# Old Delta planer model



## AGCB97 (Oct 28, 2020)

I'm trying to help my cousin find some belts for his planer. I can find no model info on it but here is a picture of one like it. Hope someone can give me a model number to try.
Thanks
Aaron


----------



## middle.road (Oct 28, 2020)

BA 4-post style, sweet!

Going to need some numbers. Can he get picture(s) of the tag(s)?


----------



## AGCB97 (Oct 28, 2020)

No pics. I went to look for data plate but there is nothing except the plate on the motor itself. That's why I asked here hoping someone might recognize it.
Thanks, I'll see what I can find with that info.
Aaron


----------



## AGCB97 (Oct 28, 2020)

Dan
Is there anything more you can tell me?

I looked all over the web for pictures and vids hoping to get to the rabbit but no luck. Must be old but good.
Aaron


----------



## f350ca (Oct 28, 2020)

I have a Chinese copy of it. Should be able to measure them and get off the shelf ones.
Greg


----------



## C-Bag (Oct 28, 2020)

Wouldn’t a link belt work? Then you can make it any length.


----------



## Larry$ (Oct 28, 2020)

Looks like it was running. Take the old belt off and go to an industrial supplier like Motion Industries. They will measure it and get you the proper profile match. Most belts has some sort of marking you can use also.


----------



## middle.road (Oct 28, 2020)

Getting close . . .  maybe a DC-380 early model?

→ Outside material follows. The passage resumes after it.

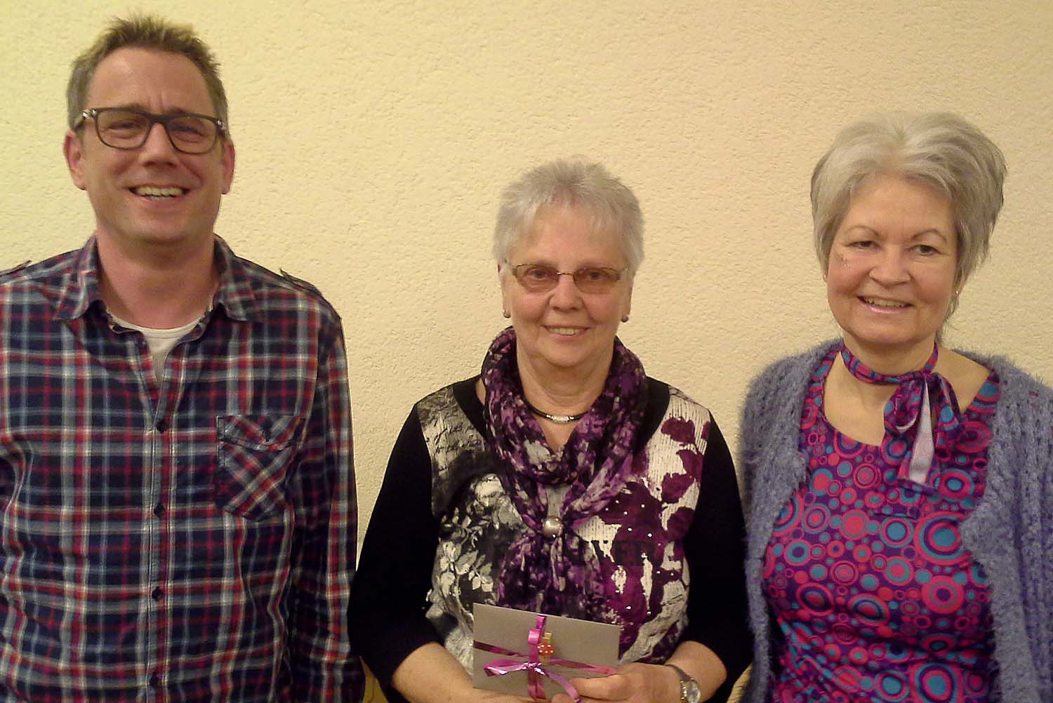 Am Rosenmontag haben wir mit dem GC unserer Renate zum 70. Geburtstag mit einem Ständchen und einem kleinen Geschenk gratuliert. Auf dem Bild ist neben Renate Chorsprecherin Ute und Vorsitzender Matthias.

			delta dc-380 planer parts - Google Search


----------



## CluelessNewB (Oct 28, 2020)

I'm thinking it's a DC-33.  (or the earlier RC-33)

DC-33 Instruction Manual:
http://www.vintagemachinery.org/pubs/1141/2726.pdf
DC-33 Parts Lists: 
 http://www.vintagemachinery.org/pubs/1141/2727.pdf
 http://www.vintagemachinery.org/pubs/1141/2728.pdf

Measuring the old belt might be your best bet.


----------



## AGCB97 (Oct 29, 2020)

Thanks.
Looks like it is the 22-660 type 2. I've got a lead on a seller but otherwise I'll have my cousin remove the belts and match them. I was trying not to get too involved in the physical work.
Aaron


----------



## NortonDommi (Oct 29, 2020)

Simple two pulley calculator :  Two Pulley Calculator    All you need is section and length and any good industrial transmission or bearing factor will be able to supply.


----------



## devils4ever (Oct 29, 2020)

I have a similar model. Here's the model number and serial number for mine. 

I have the manual for it and it shows Model RC-33 for the model. 

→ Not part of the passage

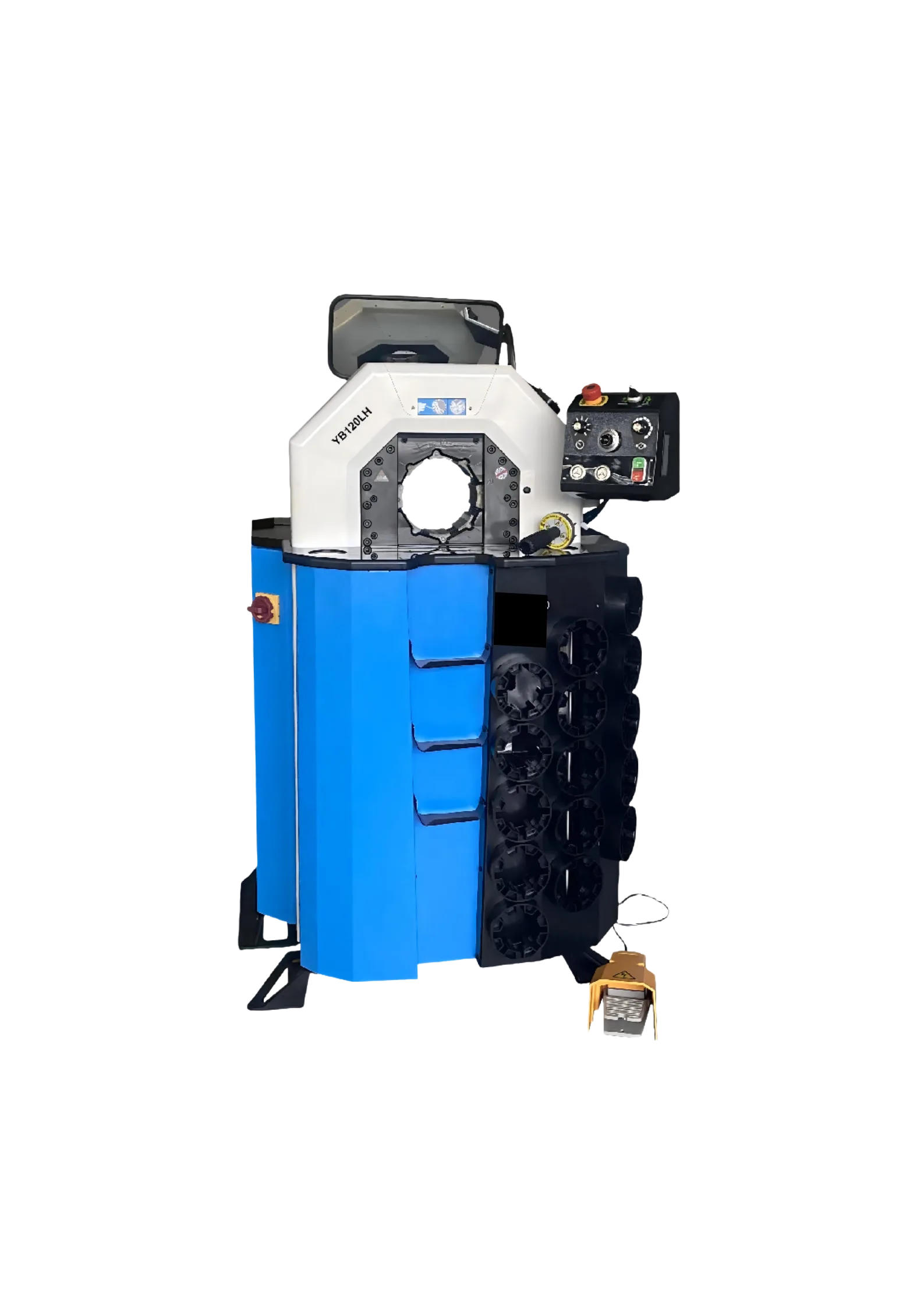 Two die series — P20 (standard workshop dies) and YB120L (extended large bore dies) — cover 10–115mm in one machine. The QuickChange-tool system makes die transitions fast during production runs on this heavy duty hydraulic crimper.

The belts are listed as: 428-06-133-0001 Matched Set of 3 V-Belts.


----------



## machPete99 (Oct 29, 2020)

That (OP machine) looks just like my Delta 22-660 (DC-33) 13" Planer. Mine is currently partway disassembled waiting for a rebuild job but worked good when running. Its best to wax the bed on these with old fashion paste wax as they do not have the bed rollers. I do have manuals and part diagrams.

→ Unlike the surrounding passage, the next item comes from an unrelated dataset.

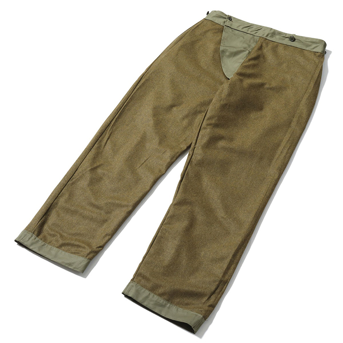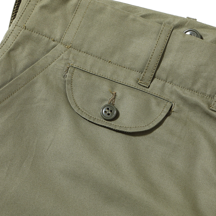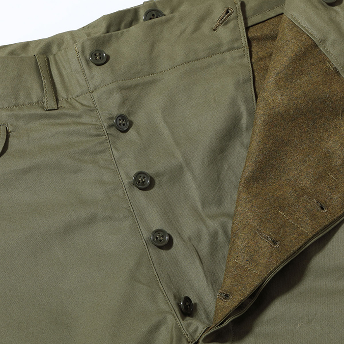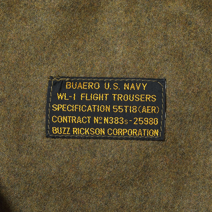 WL-1は米海軍が1940年代後半から1950年代前半かけて採用したフライトトラウザースで、ジャケットのAL-1とのセットアップで着用するフライトスーツシステム。 素材はジャケットと同じコーマ糸を用いたしなやかなコットンツイルで、ライニングにはウールフランネルを使用し、防寒性を高めている。ヒップポケットとコインポケットにはフラップが付き、中に入れたものを落とさないよう考慮された入念な設計。フロントはボタンフライ仕様で、ウエストにはベルトループとサスペンダー用のボタンが設置されている。米海軍において冬季用コットン素材のフライトスーツ、AL-1とWL-1が最後となって、次世代のナイロン製フライトスーツ、通称“WEP”へと引き継がれるのである。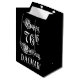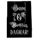 This opulent and luxurious birthday-themed gift bag design features the message “Happy 76th Birthday,” in formal script style text, on a black colored background. It also features a custom recipient name. An ornate gift bag like this might be used when giving a gift or present in honor of somebody’s seventy sixth birthday. [~Z0000557]

Getting belts might be problematic as Delta used a lot of custom length belts which are often NLA. I have not replaced mine yet but notes on the originals is below.

My notes on belts:
Cutterhead: 1330679 Original Delta part is NLA, Marked 3VX-335 (3/8" wide by 33.5" outside V Belt, cogged)
  Gates has 3VX335 avilable which should be the same belt.

Roller drive - 1330678 (still available), Measures 3/8" wide by 22.75 on outside
  Possible generics:
  3VX220 = 22" outside, might be too short
  3VX230 = 23" outside, might be too long, limited vendors


----------



## AGCB97 (Oct 29, 2020)

NortonDommi said:


> Simple two pulley calculator :  Two Pulley Calculator    All you need is section and length and any good industrial transmission or bearing factor will be able to supply.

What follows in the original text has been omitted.